Three Kinds of Clairvoyance in Anthroposophy

Glossary Anthroposophy 4 min read
Three Kinds of Clairvoyance n.

Steiner's typology of higher sight as head, heart, and abdomen clairvoyance, named by where the soul is lifted from the body.

Three Kinds of Clairvoyance are the three forms of supersensible perception Rudolf Steiner distinguished in his 1915 Dornach lecture Meditation and Concentration. He named them by the bodily region from which the soul-spiritual is lifted: head-clairvoyance, which knows the higher worlds through thought; heart or breast-clairvoyance, which is will-directed and opens to the lower hierarchies in the kingdoms of nature; and abdomen-clairvoyance, vivid but bound to the body's own processes.

This clairvoyance that is a head-clairvoyance can come about in our time through spiritual science, for the result of this head-clairvoyance is of service to mankind.

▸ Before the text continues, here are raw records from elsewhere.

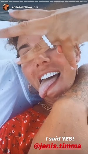 А уже сегодня Анна Седокова сообщила своим подписчикам в инстаграме, что Янис сделал ей предложение и она ответила согласием.
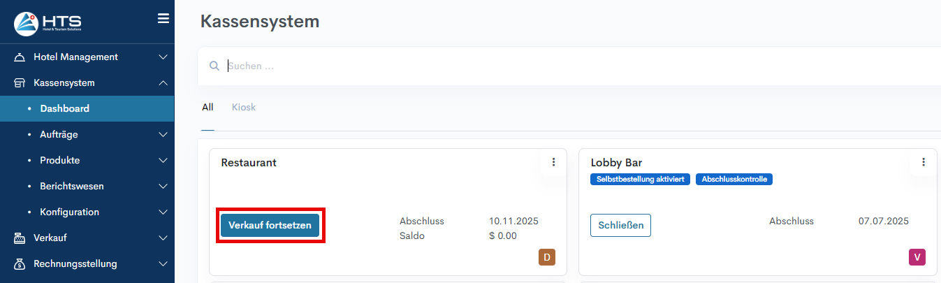 Wählen Sie dort das Kassensystem aus, in dem die vorherige Konfiguration vorgenommen wurde, und klicken Sie entweder auf «Verkauf fortsetzen», wenn bereits eine Sitzung geöffnet ist, oder auf «Neue Sitzung», um eine neue zu starten.
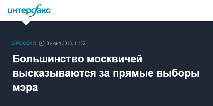 Москва. 3 июня. INTERFAX.RU - Более половины жителей Москвы поддерживают проведение в столице прямых выборов мэра, следует из опроса научно-исследовательского института социальных систем при МГУ им. М.В.Ломоносова.
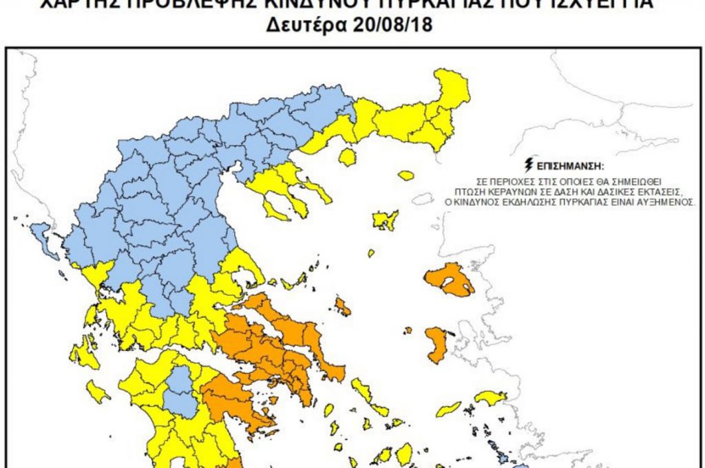 Σύμφωνα με το Χάρτη Πρόβλεψης Κινδύνου Πυρκαγιάς που εκδίδει η Γενική Γραμματεία Πολιτικής Προστασίας του Υπουργείου Εσωτερικών (www.civilprotection.gr), για σήμερα, προβλέπεται πολύ υψηλός κίνδυνος πυρκαγιάς (κατηγορία κινδύνου 4) για τις εξής περιοχές:
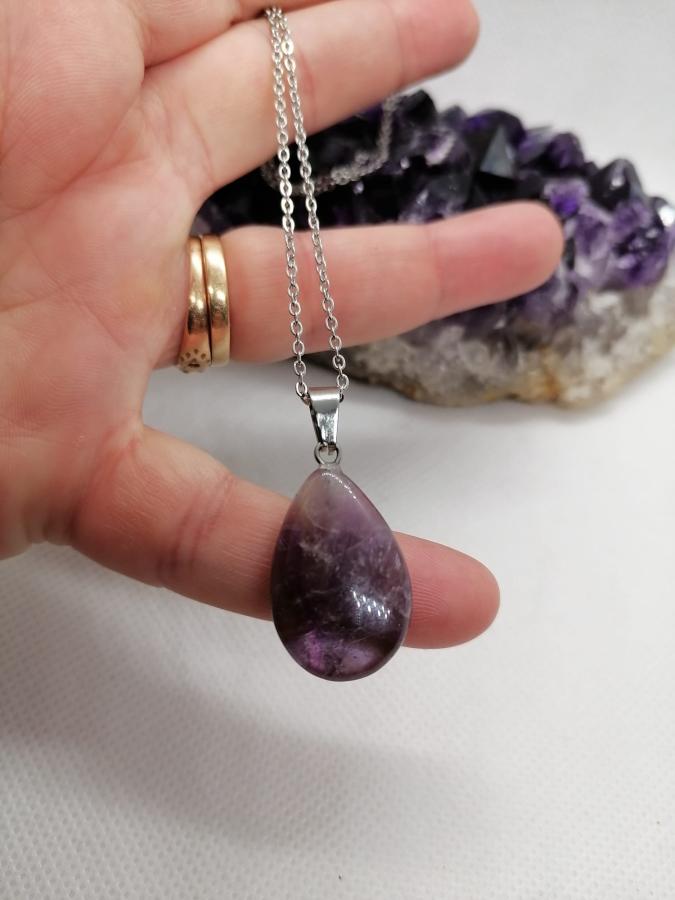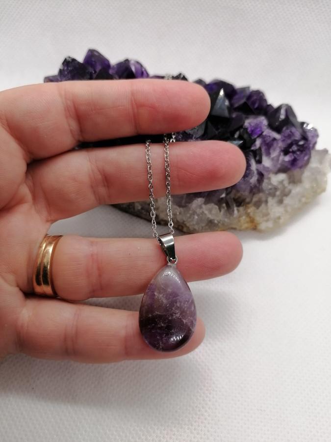 Dije gota en piedra natural amatista con cadena fina de acero.
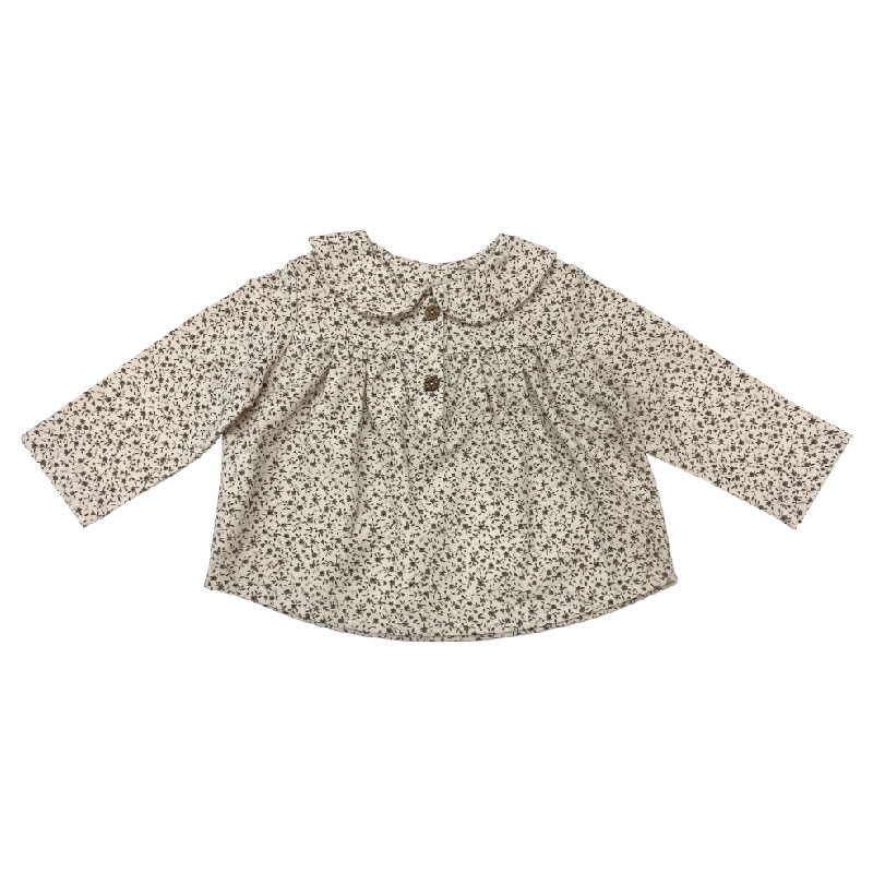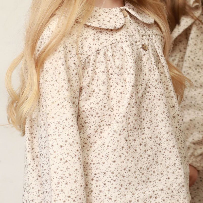 Нежная блузка в молочном оттенке украшена мелким цветочным принтом, создающим романтичное настроение. Модель выполнена из мягкой и приятной на ощупь ткани, в которой ребёнку будет комфортно и в движении, и в покое. Свободный крой не сковывает, а аккуратные детали делают вещь подходящей и для повседневных прогулок, и для особенных дней. Эта блузка легко сочетается с брюками, юбками или сарафанами, придавая образу лёгкость и изящество.
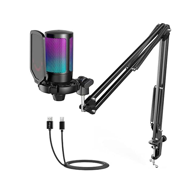 [箱から出してすぐに使用可能] プラグアンドプレイのゲーミングマイクセットは、追加のプラグインや複雑なデバイス設定手順を必要としません。PC用のUSBゲーマーマイクは、Windows、Mac OS、Mac / PS4 / PS5と互換性があります。ストリーミングマイクの端はリバーシブルタイプCインターフェイスで、薄暗いゲームの雰囲気でも正しい方法で差し込むのに問題はありません。8.3フィート(2.5m)のUSBケーブルは、ホストの後ろからデスクトップまで伸ばすのに十分な長さで、クリアなオーディオのゲーム歌録音が可能です。
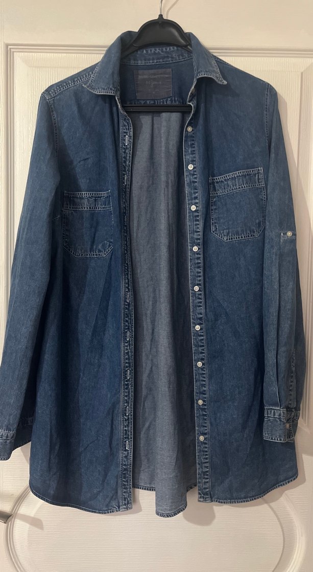 Düğmeli, yaka detaylı, bol kesim mavi denim gömlek. Uzun kollu ve iki cepli, günlük rahat kullanıma uygun.
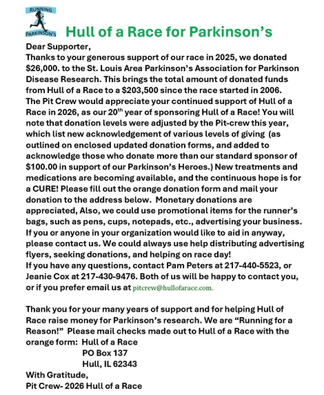Click "Donate Now" or mail checks to: Hull of a Race PO Box 137 Hull, IL 62343
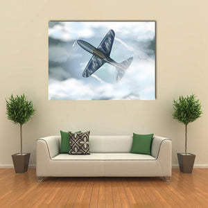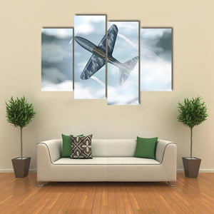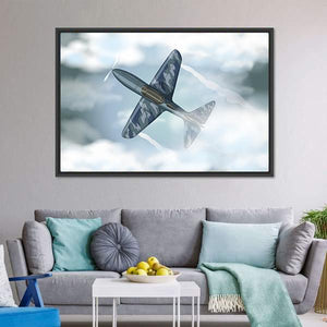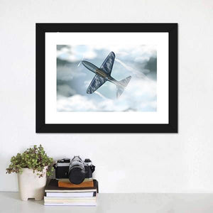A vintage-style illustration of a military jet in flight, set against blue and gray clouds with contrails and a spinning propeller that conveys motion. The diagonal, aerial composition gives a dramatic, adventurous feel and works well with modern or military-inspired home decor.
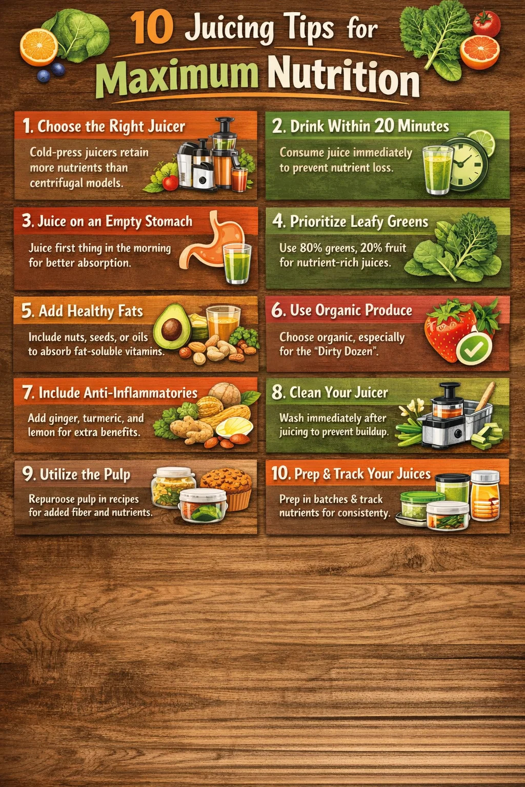 Si vis maxime nutritionem ex omni vitro obtinere, sic uteris rebus tuis sucis aeque ac immissis. Frigidus premens, humilis celeritate, ieiunus succidens, et potus intra XX minuta destillationis nutrimentum effusio notabili margine augere potest. Hae tweaks minores non sunt - differentiae sunt inter vitreum liquoris saccharo et potus sanitatis vere utilitatis. Decem apicibus inferius fundantur in scientia cibi et usu reali mundi suci, et adhibent utrum suco centrifuga, vel succo mandendo, an torcular gemino utaris.
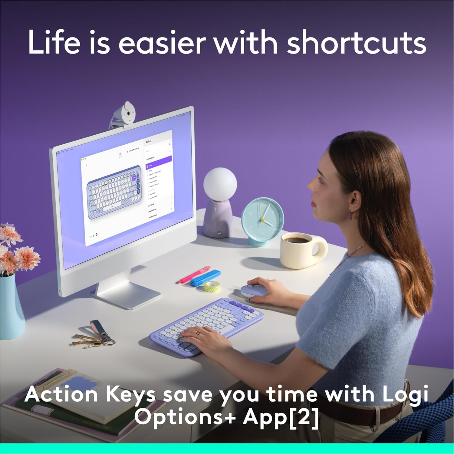 - Start With a POP: Proudly express yourself and own your space with the Logitech POP ICON KEYS, a wireless Bluetooth keyboard with a bold aesthetic, comfy typing, and customizable Action Keys (1)

Of a quite different nature is the clairvoyant result brought about by the lifting-out of the soul-spiritual from the organs of the heart, arms and hands. This lifting-out is distinct, too, in its inward significance from what comes about through what I prefer to call head-clairvoyance. The lifting-out from the material organ of the heart is, rather, the result of meditation which is related to the life of the will; it is brought about by human devotion to the world-process, whereas the head-clairvoyance is more the result of thought, of conceptions.

Rudolf Steiner, Meditation and Concentration (GA 161, 1915)

Steiner's threefold scheme is easy to caricature as Victorian psychic lore, yet careful readers have argued the opposite: that he was trying to make clairvoyance answerable to method. Robert McDermott, professor emeritus of philosophy and religion at the California Institute of Integral Studies in San Francisco and a past president of that institute, makes this case in his widely used anthologies The Essential Steiner (Harper and Row, 1984) and the revised The New Essential Steiner (Lindisfarne Books, 2009). McDermott reads Steiner not as a passive seer reporting visions but as a thinker who insisted higher perception be preceded by disciplined cognition, tested against ordinary reason, and held to the same honesty a researcher owes any observation. The Dornach typology fits that reading exactly. Head-clairvoyance earns trust slowly, beginning in shadow; heart-clairvoyance is grounded in devotion and will; and abdomen-clairvoyance, however dazzling its images, Steiner treats with the reserve of an anatomist, since it reports only the body's own life. Thalira synthesis: the three kinds are not a hierarchy of gifts but a diagnostic, a way of asking where a given vision originates before asking whether it is true.